• WHAT THIS TASK INVOLVES
From the first line to the last, transcribe the data exactly and skip the pictures.

• PROVIDED DATA
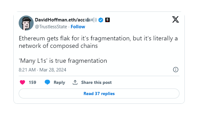 译文:以太坊因其碎片化而备受批评,但它实际上是一个由组合链组成的网络。“许多L1”才是真正的碎片化。
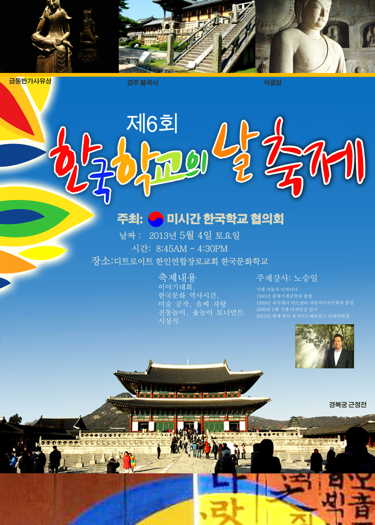 미시간 협의회에서는 오는 5월4일 (토) 디토로이트 한인연합장로교회에서 제6회 한국학교의 날 축제를 갖습니다. 이 날 행사에는 이야기 대회를 비롯하여 한국문화역사 시간, 미술공작, 솜씨 자랑 등 다채로운 순서가 있습니다. 특히, 금년에는 GM 자동차의 노승일 자동차 디자이너를 주제 강사로 모셨습니다. 자동차 디자인에 대한 그의 소신과 경험을 소개함으로써, 2세 청소년들에게 꿈을 심어주는 계기가 될 것으로 기대됩니다. 날짜: 2013년 5월 4일 (토) 8:45 - 4:30 장소: 디트로이트 한인연합장로교회 ****한국학교의 날 축제 참석 관계로 앤아버 한국학교의 수업은 없습니다. 이 축제에 많은 참석을 부탁드립니다.
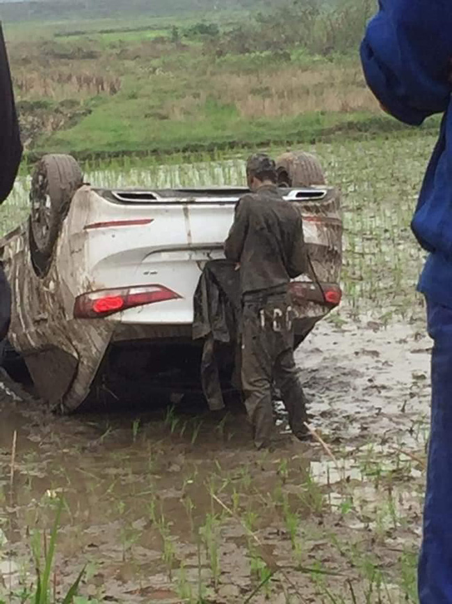 Mới đây, hình ảnh 1 chiếc xe ô tô lật ngửa dưới ruộng khiến ai nấy tò mò. Theo hình ảnh đăng tải, chiếc xe ô tô màu trắng lao thắng xuống ruộng, lật ngửa, vài người đàn ông trong xe may mắn thoát được ra ngoài, bò lồm cồm dưới ruộng, quần áo lấm lem bùn đất.

• ANSWER BELOW
 译文:以太坊因其碎片化而备受批评,但它实际上是一个由组合链组成的网络。“许多L1”才是真正的碎片化。
 미시간 협의회에서는 오는 5월4일 (토) 디토로이트 한인연합장로교회에서 제6회 한국학교의 날 축제를 갖습니다. 이 날 행사에는 이야기 대회를 비롯하여 한국문화역사 시간, 미술공작, 솜씨 자랑 등 다채로운 순서가 있습니다. 특히, 금년에는 GM 자동차의 노승일 자동차 디자이너를 주제 강사로 모셨습니다. 자동차 디자인에 대한 그의 소신과 경험을 소개함으로써, 2세 청소년들에게 꿈을 심어주는 계기가 될 것으로 기대됩니다. 날짜: 2013년 5월 4일 (토) 8:45 - 4:30 장소: 디트로이트 한인연합장로교회 ****한국학교의 날 축제 참석 관계로 앤아버 한국학교의 수업은 없습니다. 이 축제에 많은 참석을 부탁드립니다.
 Mới đây, hình ảnh 1 chiếc xe ô tô lật ngửa dưới ruộng khiến ai nấy tò mò. Theo hình ảnh đăng tải, chiếc xe ô tô màu trắng lao thắng xuống ruộng, lật ngửa, vài người đàn ông trong xe may mắn thoát được ra ngoài, bò lồm cồm dưới ruộng, quần áo lấm lem bùn đất.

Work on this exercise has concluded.